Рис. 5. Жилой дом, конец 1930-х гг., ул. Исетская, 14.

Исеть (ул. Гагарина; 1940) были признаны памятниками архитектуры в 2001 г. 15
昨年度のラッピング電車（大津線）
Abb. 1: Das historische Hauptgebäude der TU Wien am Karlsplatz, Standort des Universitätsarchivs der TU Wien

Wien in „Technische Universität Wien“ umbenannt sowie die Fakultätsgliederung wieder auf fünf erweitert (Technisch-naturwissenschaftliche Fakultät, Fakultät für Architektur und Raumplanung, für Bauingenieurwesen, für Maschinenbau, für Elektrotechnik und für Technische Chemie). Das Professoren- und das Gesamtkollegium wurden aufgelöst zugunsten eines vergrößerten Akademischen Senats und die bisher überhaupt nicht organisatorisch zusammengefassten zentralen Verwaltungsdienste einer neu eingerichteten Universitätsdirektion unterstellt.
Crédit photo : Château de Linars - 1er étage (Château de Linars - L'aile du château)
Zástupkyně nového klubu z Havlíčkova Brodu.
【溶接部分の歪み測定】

☆ ☆ ☆

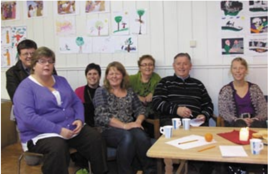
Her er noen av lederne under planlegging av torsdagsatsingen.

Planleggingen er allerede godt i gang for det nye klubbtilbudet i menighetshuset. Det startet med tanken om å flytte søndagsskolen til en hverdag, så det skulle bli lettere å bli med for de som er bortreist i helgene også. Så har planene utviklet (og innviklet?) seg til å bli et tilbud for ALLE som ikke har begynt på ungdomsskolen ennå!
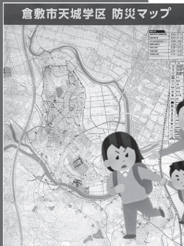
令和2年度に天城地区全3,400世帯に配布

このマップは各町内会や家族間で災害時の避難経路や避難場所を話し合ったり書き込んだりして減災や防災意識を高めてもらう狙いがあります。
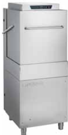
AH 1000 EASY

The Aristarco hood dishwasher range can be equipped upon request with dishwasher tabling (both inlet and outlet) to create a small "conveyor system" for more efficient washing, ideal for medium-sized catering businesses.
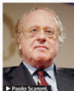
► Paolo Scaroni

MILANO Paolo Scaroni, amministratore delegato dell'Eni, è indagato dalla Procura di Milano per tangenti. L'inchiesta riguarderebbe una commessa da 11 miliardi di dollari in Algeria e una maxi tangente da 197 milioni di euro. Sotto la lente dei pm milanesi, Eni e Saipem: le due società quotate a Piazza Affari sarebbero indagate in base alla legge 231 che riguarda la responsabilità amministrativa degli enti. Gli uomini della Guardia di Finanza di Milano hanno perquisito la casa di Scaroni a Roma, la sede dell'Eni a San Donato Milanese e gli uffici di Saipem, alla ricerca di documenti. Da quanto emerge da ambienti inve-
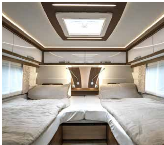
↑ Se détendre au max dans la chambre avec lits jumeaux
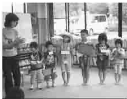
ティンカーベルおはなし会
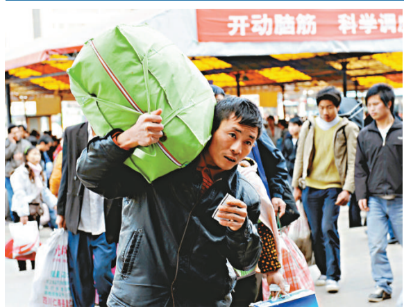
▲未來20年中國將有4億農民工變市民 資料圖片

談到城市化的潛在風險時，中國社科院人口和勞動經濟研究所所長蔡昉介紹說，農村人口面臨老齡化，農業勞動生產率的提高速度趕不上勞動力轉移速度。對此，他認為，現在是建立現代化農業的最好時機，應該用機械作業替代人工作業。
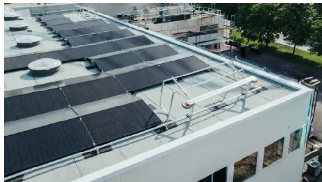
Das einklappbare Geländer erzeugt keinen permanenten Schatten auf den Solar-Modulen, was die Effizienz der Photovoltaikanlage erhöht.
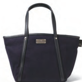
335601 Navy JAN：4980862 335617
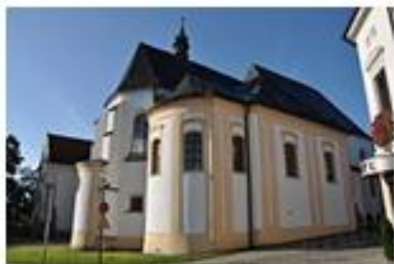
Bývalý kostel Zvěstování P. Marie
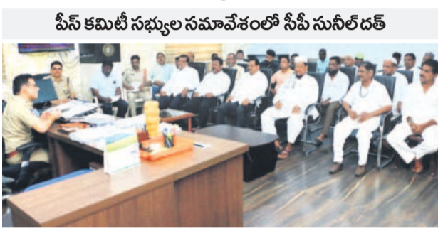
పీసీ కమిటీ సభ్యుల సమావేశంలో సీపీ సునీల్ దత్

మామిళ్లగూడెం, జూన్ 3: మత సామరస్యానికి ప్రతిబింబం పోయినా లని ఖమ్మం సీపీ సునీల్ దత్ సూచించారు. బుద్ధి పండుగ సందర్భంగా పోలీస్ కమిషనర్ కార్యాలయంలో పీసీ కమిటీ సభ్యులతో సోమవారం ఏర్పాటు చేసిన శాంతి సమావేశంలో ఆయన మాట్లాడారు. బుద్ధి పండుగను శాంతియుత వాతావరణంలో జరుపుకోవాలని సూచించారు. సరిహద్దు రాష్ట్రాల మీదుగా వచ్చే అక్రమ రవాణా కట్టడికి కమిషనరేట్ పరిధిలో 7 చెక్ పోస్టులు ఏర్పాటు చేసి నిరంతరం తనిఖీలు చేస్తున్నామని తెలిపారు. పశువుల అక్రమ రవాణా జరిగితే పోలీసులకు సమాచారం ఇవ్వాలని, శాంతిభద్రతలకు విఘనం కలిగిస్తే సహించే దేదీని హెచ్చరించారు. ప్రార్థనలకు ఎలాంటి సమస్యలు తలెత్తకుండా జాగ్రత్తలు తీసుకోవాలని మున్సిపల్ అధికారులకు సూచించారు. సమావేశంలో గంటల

☆ ☆ ☆

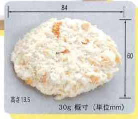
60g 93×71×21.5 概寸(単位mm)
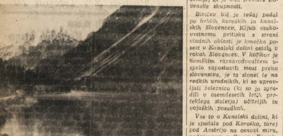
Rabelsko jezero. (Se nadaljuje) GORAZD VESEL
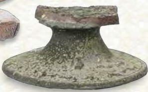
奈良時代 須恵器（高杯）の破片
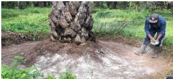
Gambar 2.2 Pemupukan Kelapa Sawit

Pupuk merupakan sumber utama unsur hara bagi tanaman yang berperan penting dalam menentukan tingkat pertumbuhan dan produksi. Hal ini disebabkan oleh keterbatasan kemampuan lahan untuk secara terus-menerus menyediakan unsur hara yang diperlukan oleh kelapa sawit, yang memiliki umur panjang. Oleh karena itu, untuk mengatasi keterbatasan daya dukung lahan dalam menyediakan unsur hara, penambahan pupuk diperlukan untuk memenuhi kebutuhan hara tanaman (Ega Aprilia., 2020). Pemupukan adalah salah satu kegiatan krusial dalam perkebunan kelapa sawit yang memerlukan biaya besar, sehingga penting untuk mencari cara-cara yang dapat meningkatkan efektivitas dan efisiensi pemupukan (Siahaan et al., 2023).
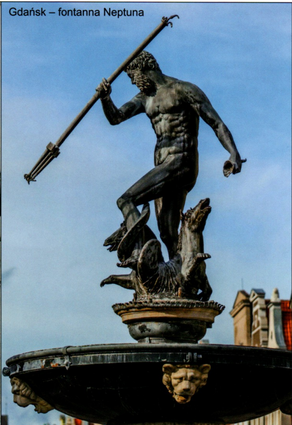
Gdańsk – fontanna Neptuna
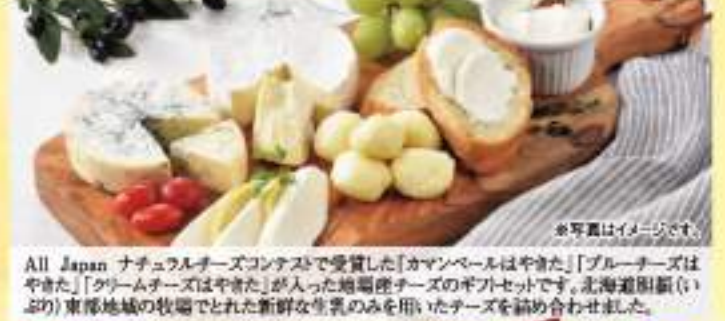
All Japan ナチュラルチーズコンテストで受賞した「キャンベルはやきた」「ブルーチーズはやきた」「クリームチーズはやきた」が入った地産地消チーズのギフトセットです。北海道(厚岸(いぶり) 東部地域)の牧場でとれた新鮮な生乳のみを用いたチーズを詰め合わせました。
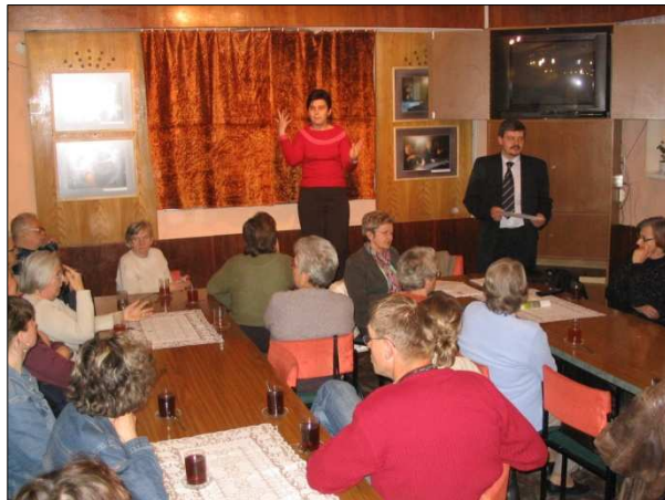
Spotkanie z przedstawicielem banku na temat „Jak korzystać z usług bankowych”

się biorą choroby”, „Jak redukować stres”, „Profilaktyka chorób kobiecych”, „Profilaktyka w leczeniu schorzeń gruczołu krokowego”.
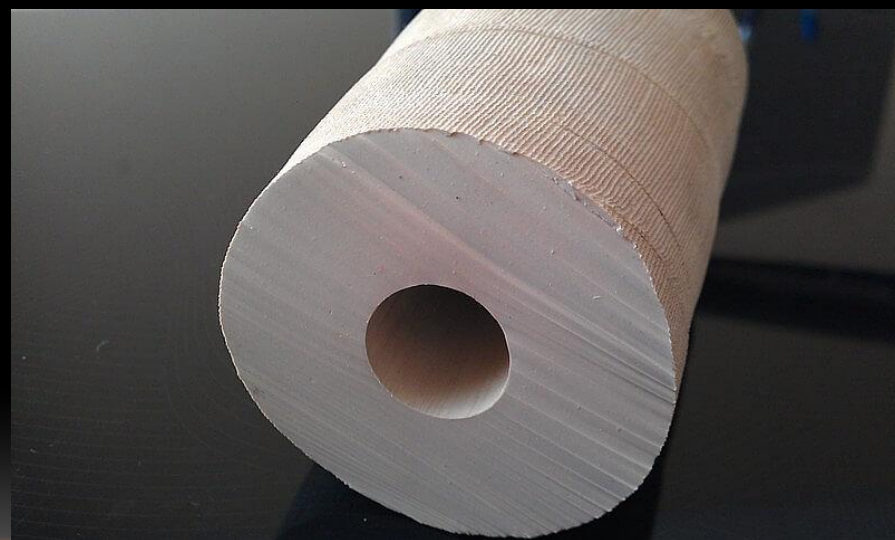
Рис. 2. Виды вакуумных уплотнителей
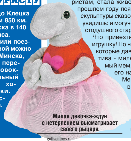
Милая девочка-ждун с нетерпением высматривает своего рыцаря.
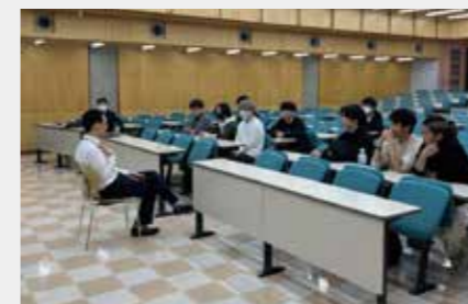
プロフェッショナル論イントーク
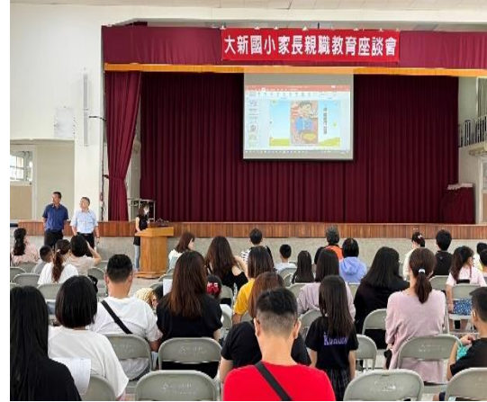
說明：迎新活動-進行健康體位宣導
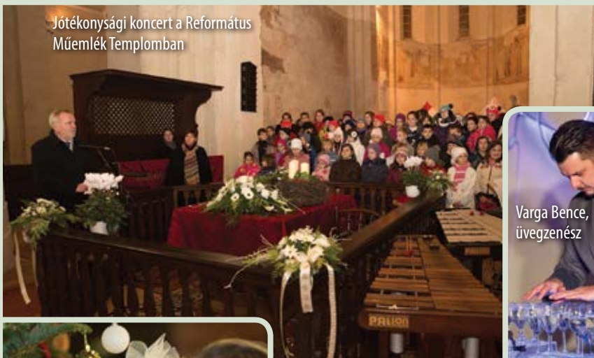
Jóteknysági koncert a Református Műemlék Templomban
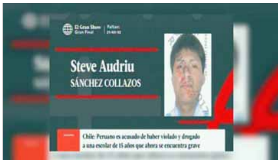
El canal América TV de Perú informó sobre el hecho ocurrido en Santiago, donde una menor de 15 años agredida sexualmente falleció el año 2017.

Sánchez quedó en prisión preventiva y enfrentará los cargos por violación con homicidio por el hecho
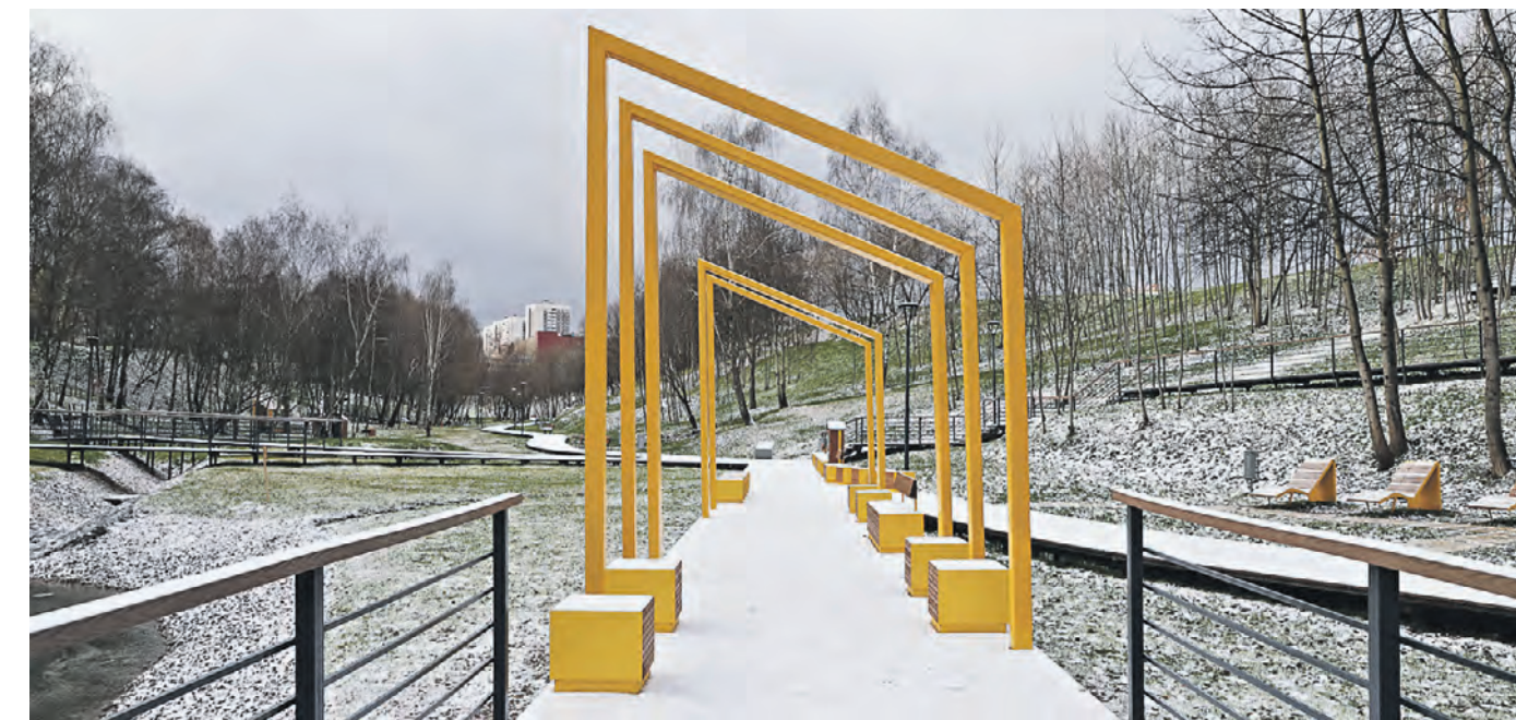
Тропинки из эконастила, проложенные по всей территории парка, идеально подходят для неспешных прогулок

☆ ☆ ☆

## WORK INSTRUCTION
What is needed is every line of the records above that contains the word "hecho".

## RESPONSE TO THIS EXERCISE
El canal América TV de Perú informó sobre el hecho ocurrido en Santiago, donde una menor de 15 años agredida sexualmente falleció el año 2017.
Sánchez quedó en prisión preventiva y enfrentará los cargos por violación con homicidio por el hecho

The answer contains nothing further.